I have some VW Westfaliure [sic] anorak American friends.
They think any conversion other than Westfalia is frankly second rate.

"you can't beat German quality and build"

However...
upon seeing the interior of a VW T5 Autosleeper, and after a long silence with gaping mouths, they remarked how it looked like a Bentley.
cosy, functional and with obvious qualiity. Built with modern materials it put the teutonic mortuary-like wessy interior into its place.... at the back of the class, jumping up and down with an arm up.

'Ah but this has no history, no pedigree'. was the feeble attempt to gain ground

Then I produced pictures of my 'sleeper VHT from 1986
I rested my case

and although the original 'sleeper livery was removed for a much needed respray four years ago, I still proudly had the Autosleeper name repainted on the side, only bigger!


----------



## 101776 (Nov 13, 2006)

It looks very smart, cannot see myself buying one though as a bit tight on space for me and a gt dane.....

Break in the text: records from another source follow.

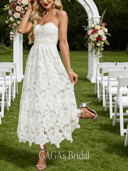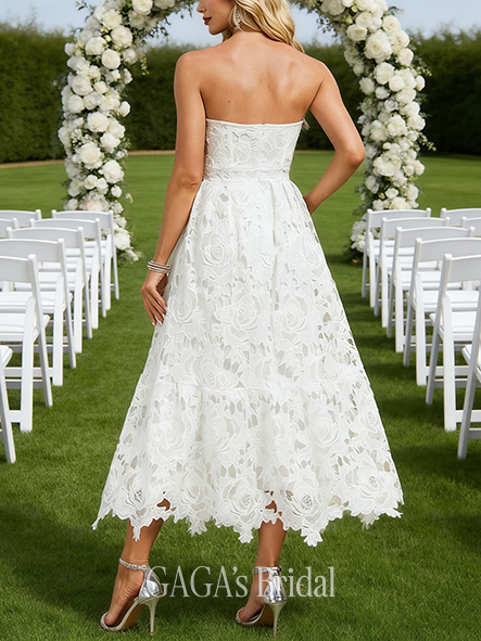 - V-Neck A-Line Lace Chiffon Wedding Dress
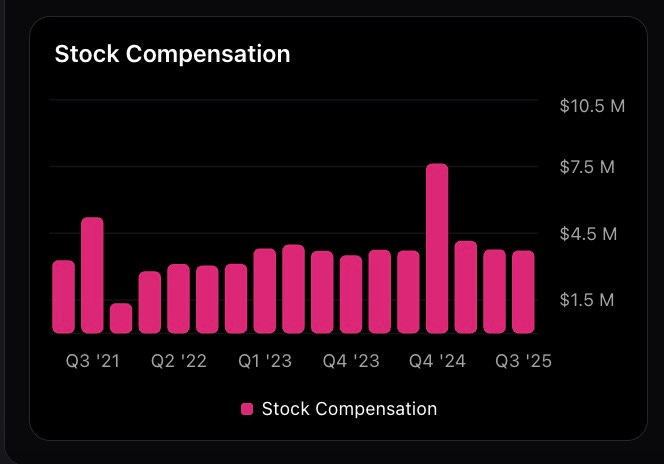 The company incurred $11.7M in stock-based compensation on $51.2M in revenue (9 months). This means ~23 cents of every dollar of revenue is effectively paid out in equity to employees. While this preserves cash, it is a significant dilution driver that is excluded from “Adjusted EBITDA” metrics often used by analysts.
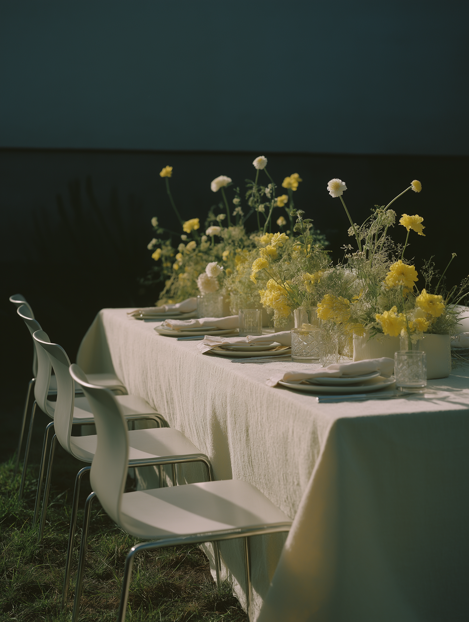 Elegant outdoor table with white chairs, bright yellow flowers, and crystal glassware, perfect for a stylish celebratory meal.
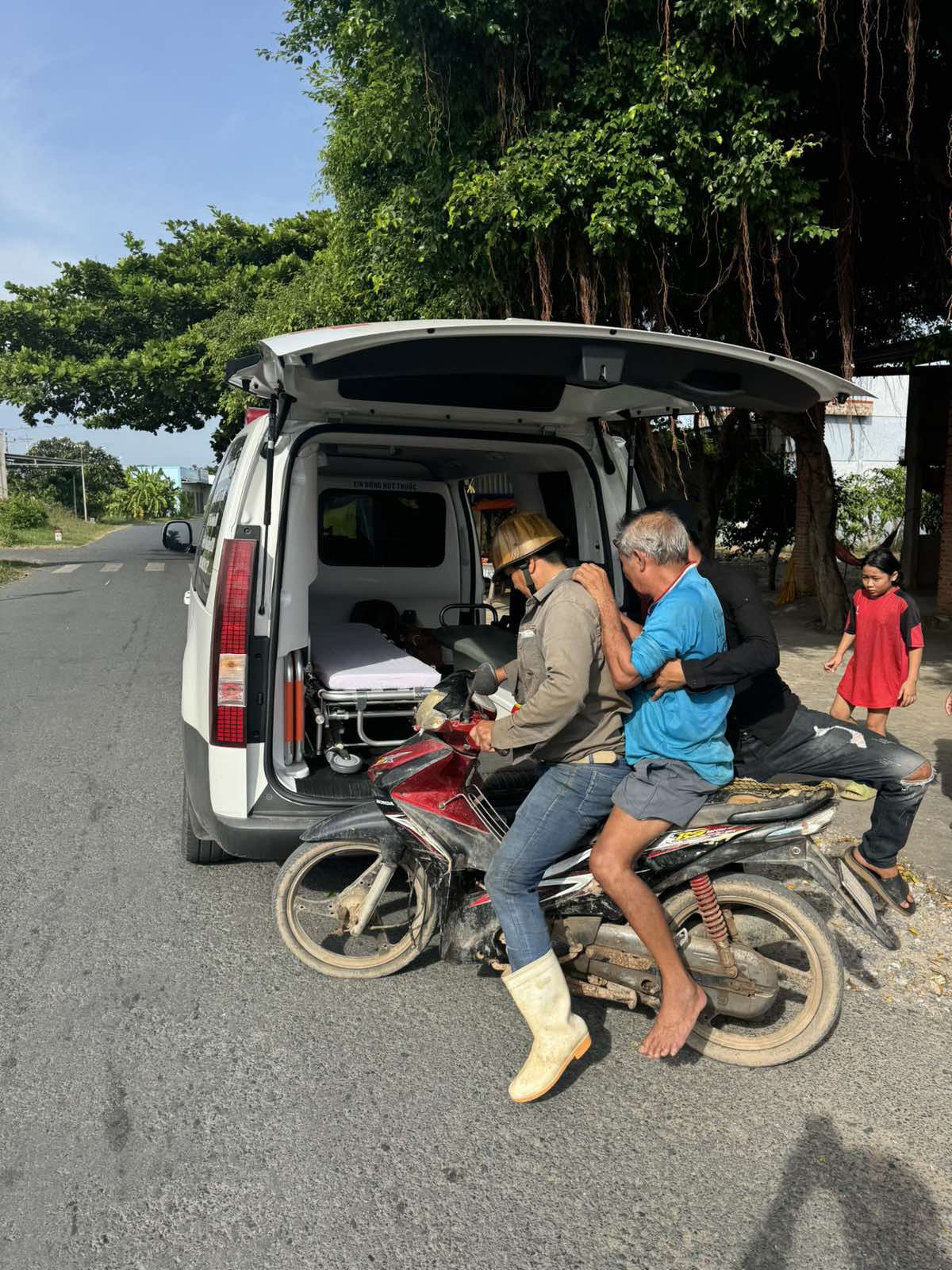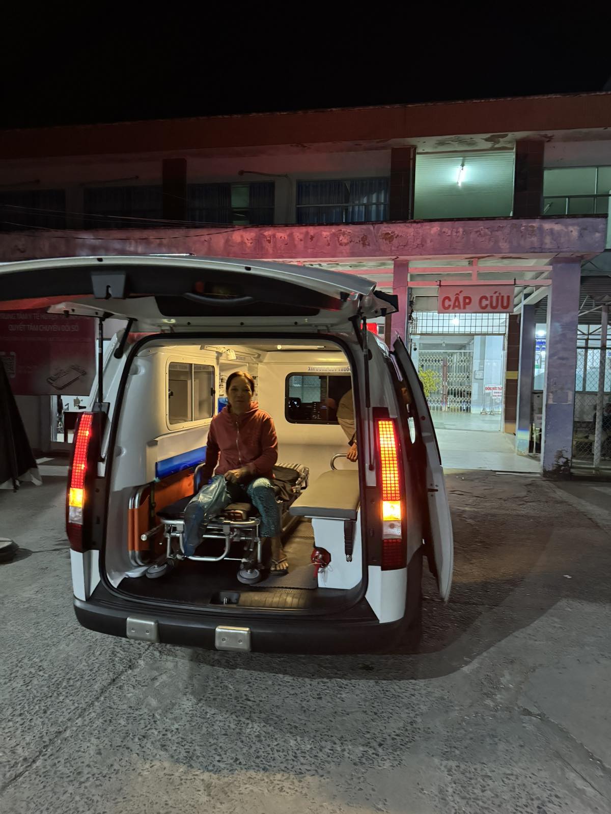 Ms. Trinh Thi Noi, 58 years old, lives in Con Mit, Thanh Phong commune, Thanh Phu district, Ben Tre province. She had a motorbike accident and severed her leg. She was taken to Thanh Phu hospital by ambulance at 4:15 a.m. on November 26, 2024.

You know how people are they get entrenched in their opinion, good for you for opening their eyes and then poking them in said eye!!


----------



## bognormike (May 10, 2005)

like a Bentley? Blimey, I knew AS did some good conversions in those days..... :roll:


----------



## vardy (Sep 1, 2006)

That's a nice tasteful spray. 8)


----------



## cabby (May 14, 2005)

good for you, matter of interest where is the backdrop location.

cabby


----------



## dinger (Jul 30, 2007)

Is that "SAS" pink ?......as in long range Desert unit.... 8O


----------



## 114446 (Jul 15, 2008)

Thanks folks
the location of the pic is the Elan Valley dams, Mid wales, Nr Rhayader
there are three other dams (even one bigger than this!)
we stayed nearby at Gigrin farm

Oh bouncer.... I have a two friends, they have TWO Gt Danes that camp regularly with us in the T25.

Dinger... no, actually the new colour is........ *hearing aid brown* :wink:

for me it just shows the uninformed, that British workmanship although sometimes a reason to throw yourself on a railway line, is actually a good and well made thing in the great scheme of things.

I have visited many conversions in my travels... and have yet to find a better conceived layout for a camper.

not motorhoming, it's.........
ludicrously, luxurious _camping_

tyhanks AS 8)


----------



## 101776 (Nov 13, 2006)

Just curious as to who gets the bed...humans or danes?????


----------